Lead Acid Batteries - Supplied to Individual - Customers to be Valued - Central Excise Act - CESTAT - Upholds Recovery of Interest - TAXSCAN

The Ahmedabad Bench of the Customs, Excise and Service Tax Appellate Tribunal (CESTAT), upheld recovery of interest and ruled that Lead Acid Batteries supplied to individual customers is to be valued under Section 4A of the Central Excise Act, 1944.

Based on the intelligence that the appellant, Gold Star Battery Pvt Ltd, was clearing their manufactured goods Viz. Lead Acid Batteries by assessing them under Section 4 of the Central Excise Act, 1944 instead of Section 4A of the Central Excise Act, 1944 despite the fact that the said goods were used as components in the automobile industry and were required to be subjected to MRP/RSP based assessment, the officers of Preventive Wing, visited the factory premises of the appellant and searched the factory premises in presence of panch witnesses.

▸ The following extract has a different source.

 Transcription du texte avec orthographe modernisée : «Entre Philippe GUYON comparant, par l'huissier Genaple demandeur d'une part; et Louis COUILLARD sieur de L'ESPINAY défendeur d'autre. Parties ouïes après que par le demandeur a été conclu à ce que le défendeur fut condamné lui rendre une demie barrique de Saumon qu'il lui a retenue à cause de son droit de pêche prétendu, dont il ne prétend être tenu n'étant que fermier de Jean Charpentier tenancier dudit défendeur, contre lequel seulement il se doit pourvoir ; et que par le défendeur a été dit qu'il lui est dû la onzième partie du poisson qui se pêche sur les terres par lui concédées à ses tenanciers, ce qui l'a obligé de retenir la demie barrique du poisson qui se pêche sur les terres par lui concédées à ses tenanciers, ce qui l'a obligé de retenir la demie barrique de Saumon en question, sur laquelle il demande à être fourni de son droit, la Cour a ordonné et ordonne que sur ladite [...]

After the investigation was completed, the appellant was issued the show cause notice wherein it was contended that the lead acid batteries cleared to the dealers are required to be assessed under Section 4 A of the Central Excise Act, 1944. Accordingly, demand of differential duty between the value under Section 4 and value under Section 4 A of the Central Excise Act, 1944 was proposed.

Paresh Sheth, Counsel appearing on behalf of the appellant submitted that the appellant has been valuing their Lead Acid Batteries supplied to individual customers under Section 4 A of the Central Excise Act, 1944 whereas in case of supplies made to the dealer, they value the batteries under Section 4 of the Central Excise Act, 1944 for the reason that the batteries supplied by the appellant to dealers are not ready to use as at the dealer stage the batteries are required to be charged by adding acid into batteries.

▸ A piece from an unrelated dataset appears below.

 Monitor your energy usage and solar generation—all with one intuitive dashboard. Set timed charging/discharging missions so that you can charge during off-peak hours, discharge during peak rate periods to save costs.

The Counsel further contended that this activity amounts to manufacture according to which adoption of any treatment on the goods to render the product marketable to the consumer is activity amounts to manufacture of goods. Therefore, the batteries cleared by the appellant was subjected to other manufacture, hence, the valuation was correctly denied under Section 4 of the Central Excise Act, 1944 and not under Section 4A of the Central Excise Act, 1944.

A Two-Member Bench of the Tribunal comprising observed that “there is no difference in the nature of the clearance made to individual customer wherein the valuation was admittedly done by the appellant under Section 4 A and the nature of clearance made to the dealers. Therefore, the clearance made to dealers is also to be valued under Section 4 A of Central Excise Act, 1944.”